Extracted records ->
<<<<
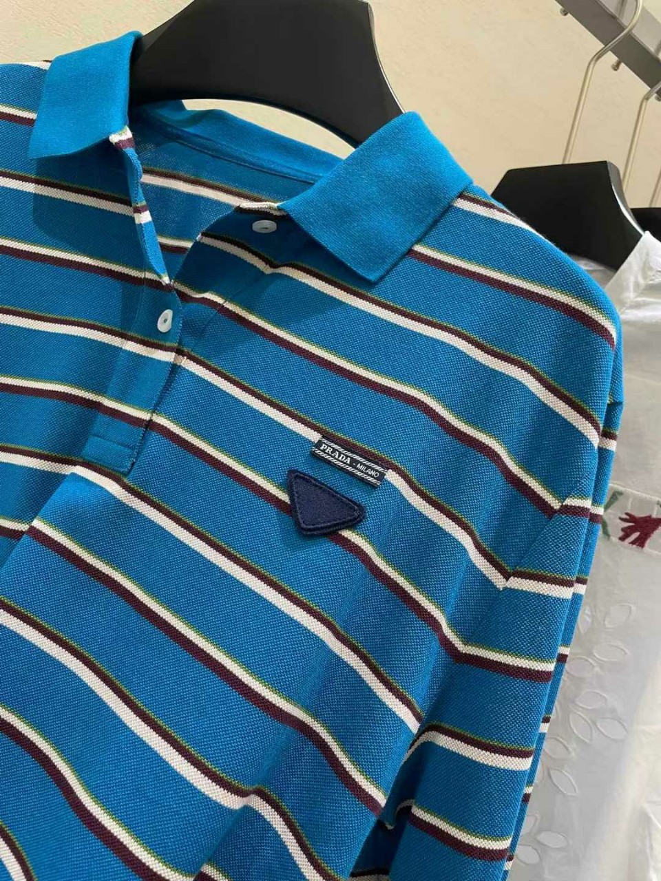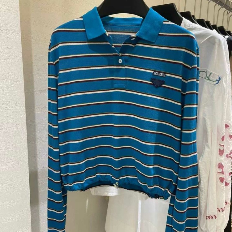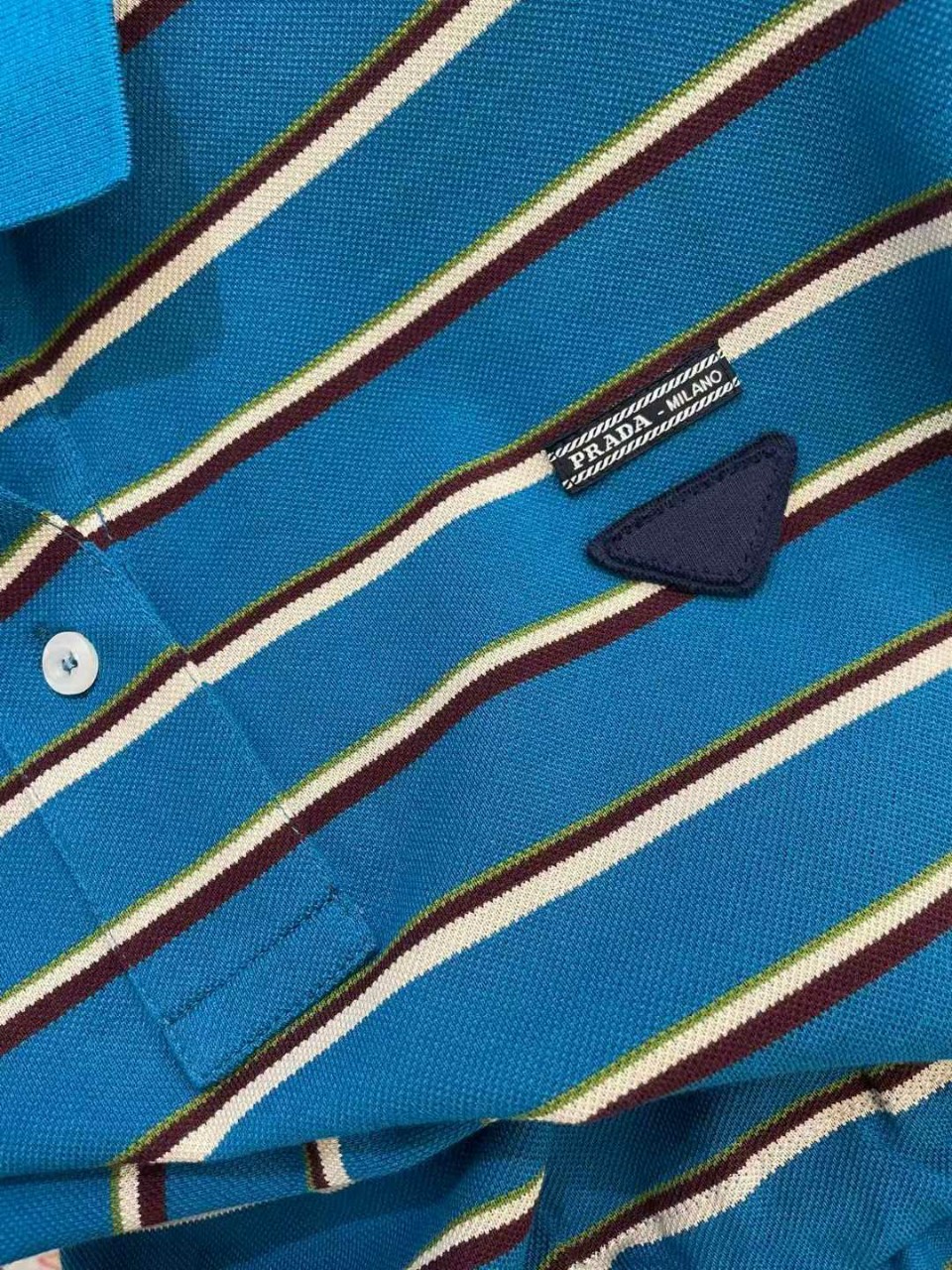 프라다 스트라이프 코튼 피케 폴로 셔츠
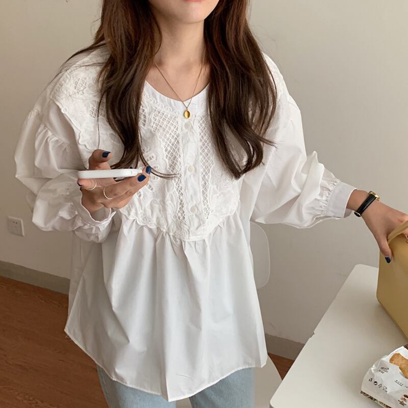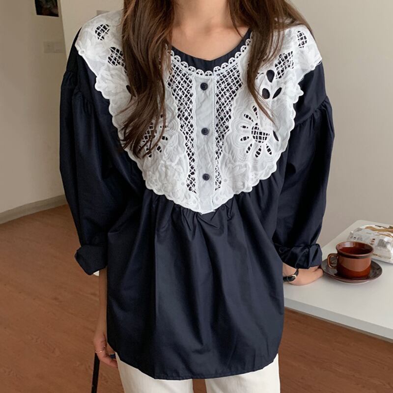 新品 スタンダードラウンドネックスリーブシャツブラウス レトロ ステッチ ⦿韓国 オルチャン K-pop アイドル ジャケット スーツ ワンピース カーディガン ニット フーディー トレーナー キャミソール スカート シャツ ブラウス 5A9595006 | K clothig adult
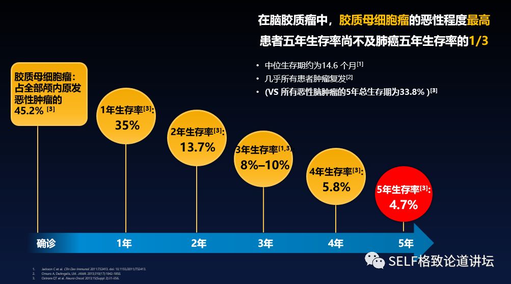 不同的统计可能在幅度上略有浮动,但是总的来说疗效不足肺癌的三分之一。所以我们说脑胶质母细胞瘤是人类难治性的肿瘤,虽然发生在小的器官——大脑只占全身体重的3%~4%,但一旦得上,是严重威胁人类生命的一种疾病。
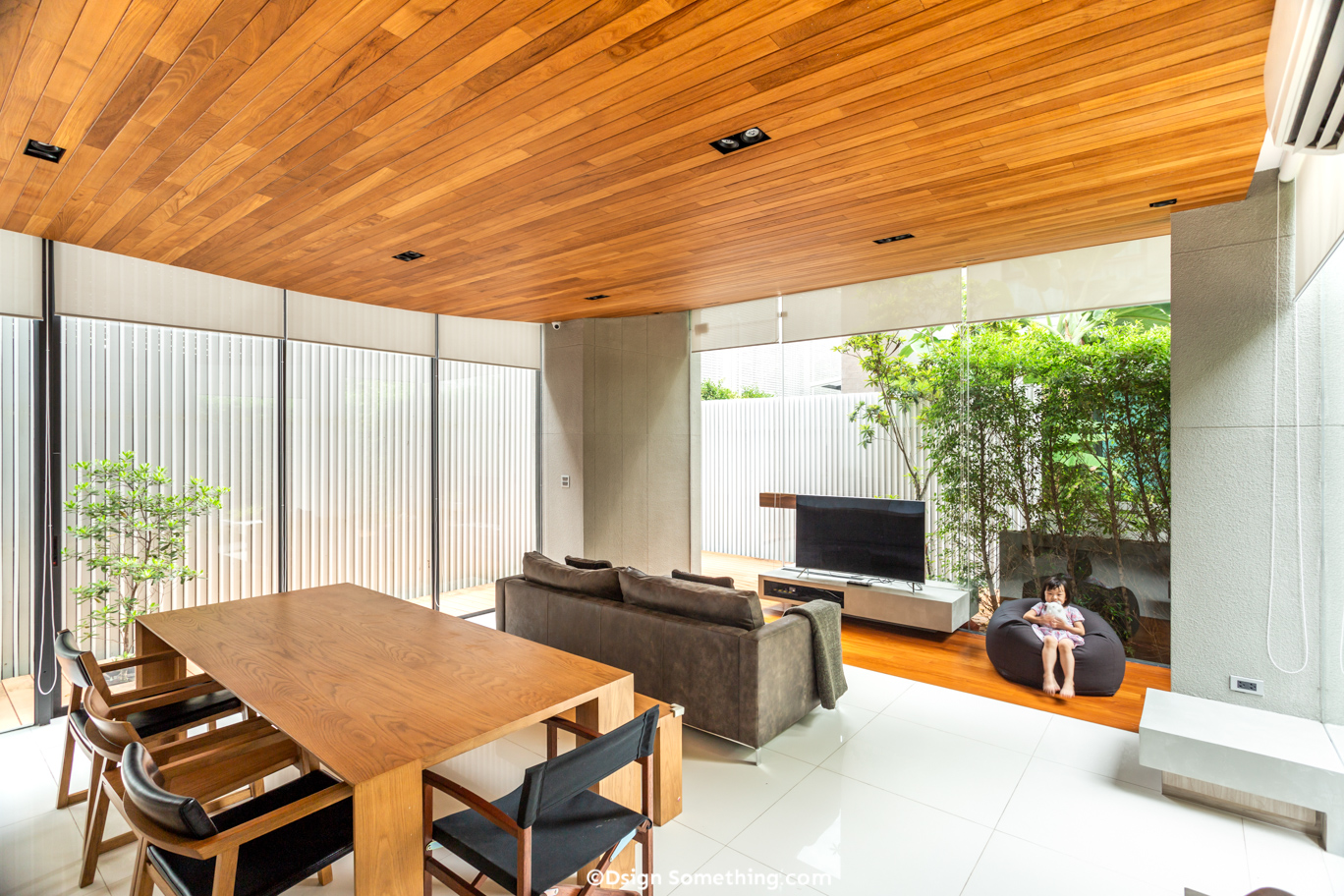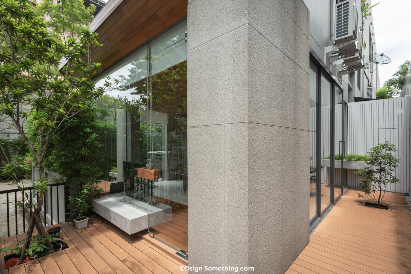 ในส่วนด้านหลังของบ้าน พื้นที่ภายในห้องนั่งเล่นที่สามารถเปิดกระจกกว้างเพื่อเชื่อมต่อพื้นที่ไปยังระเบียงหลังบ้านได้ มีต้นไม้ขนาดเล็กที่กำลังเติบโตไปพร้อมๆกับน้องจีน และเส้นสายของระแนงไม้สีขาววางสลับตั้งและนอน เพื่อให้เกิดจังหวะรูปแบบใหม่ในขณะที่ทอดสายตาผ่าน
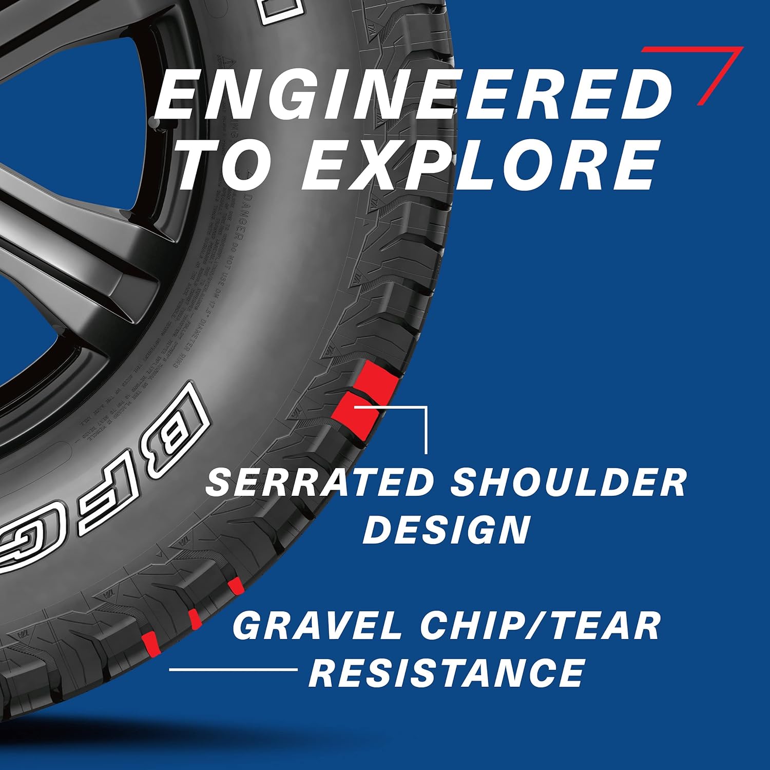BFGoodrich introduces the versatile and dependable BFGoodrich Trail-Terrain T/A tire. Road worthy and adventure ready, this rugged tire is durable enough for paved or unpaved roads. Built to last, the BFGoodrich Trail-Terrain T/A tire has an optimized footprint design featuring Full-Depth 3-D Locking Sipes that provide excellent tread block stability for even wear. As a result, you get a tire with longer tread life and a quiet, comfortable ride. Engineered so you can explore, the BFGoodrich Trail-Terrain T/A tire resists chipping and tearing in occasional gravel road usage. Plus, the serrated shoulder design makes it ideal for soft-soil traction in light off-pavement situations without compromising road noise. Don’t let adverse weather stand in your way either. The BFGoodrich Trail-Terrain T/A tire provides performance you can confidently rely upon, rain, snow or shine. The BFGoodrich Trail-Terrain T/A tire is backed by a 60,000-Mile Warranty and a 60-Day Satisfaction Guarantee, so you can be set for what's next. [1] Based on a treadwear test using tires in size 265/70R17 115T on a 2020 Ford F150 4x4. Actual on-road results may vary. [2] Excludes Original Equipment Tires [3] Guarantee applies to up to 6 tires per customer. Guarantee applies only to tires that were purchased and mounted and does not apply to exchanged tires that were provided under this guarantee. The guarantee does not include the cost of valve stems. Tires that are damaged due to misuse or misapplication, road hazards, mechanical problems related to the vehicle, use in any racing-related activities, or competitive events, or tires that are removed from the original vehicle on which they were installed, are excluded from guarantee.
>>>>
What needs to be done -> Each record above is to be restated exactly, with its pictures removed from the copy.

Task response ->
 프라다 스트라이프 코튼 피케 폴로 셔츠
 新品 スタンダードラウンドネックスリーブシャツブラウス レトロ ステッチ ⦿韓国 オルチャン K-pop アイドル ジャケット スーツ ワンピース カーディガン ニット フーディー トレーナー キャミソール スカート シャツ ブラウス 5A9595006 | K clothig adult
 不同的统计可能在幅度上略有浮动,但是总的来说疗效不足肺癌的三分之一。所以我们说脑胶质母细胞瘤是人类难治性的肿瘤,虽然发生在小的器官——大脑只占全身体重的3%~4%,但一旦得上,是严重威胁人类生命的一种疾病。
 ในส่วนด้านหลังของบ้าน พื้นที่ภายในห้องนั่งเล่นที่สามารถเปิดกระจกกว้างเพื่อเชื่อมต่อพื้นที่ไปยังระเบียงหลังบ้านได้ มีต้นไม้ขนาดเล็กที่กำลังเติบโตไปพร้อมๆกับน้องจีน และเส้นสายของระแนงไม้สีขาววางสลับตั้งและนอน เพื่อให้เกิดจังหวะรูปแบบใหม่ในขณะที่ทอดสายตาผ่าน
BFGoodrich introduces the versatile and dependable BFGoodrich Trail-Terrain T/A tire. Road worthy and adventure ready, this rugged tire is durable enough for paved or unpaved roads. Built to last, the BFGoodrich Trail-Terrain T/A tire has an optimized footprint design featuring Full-Depth 3-D Locking Sipes that provide excellent tread block stability for even wear. As a result, you get a tire with longer tread life and a quiet, comfortable ride. Engineered so you can explore, the BFGoodrich Trail-Terrain T/A tire resists chipping and tearing in occasional gravel road usage. Plus, the serrated shoulder design makes it ideal for soft-soil traction in light off-pavement situations without compromising road noise. Don’t let adverse weather stand in your way either. The BFGoodrich Trail-Terrain T/A tire provides performance you can confidently rely upon, rain, snow or shine. The BFGoodrich Trail-Terrain T/A tire is backed by a 60,000-Mile Warranty and a 60-Day Satisfaction Guarantee, so you can be set for what's next. [1] Based on a treadwear test using tires in size 265/70R17 115T on a 2020 Ford F150 4x4. Actual on-road results may vary. [2] Excludes Original Equipment Tires [3] Guarantee applies to up to 6 tires per customer. Guarantee applies only to tires that were purchased and mounted and does not apply to exchanged tires that were provided under this guarantee. The guarantee does not include the cost of valve stems. Tires that are damaged due to misuse or misapplication, road hazards, mechanical problems related to the vehicle, use in any racing-related activities, or competitive events, or tires that are removed from the original vehicle on which they were installed, are excluded from guarantee.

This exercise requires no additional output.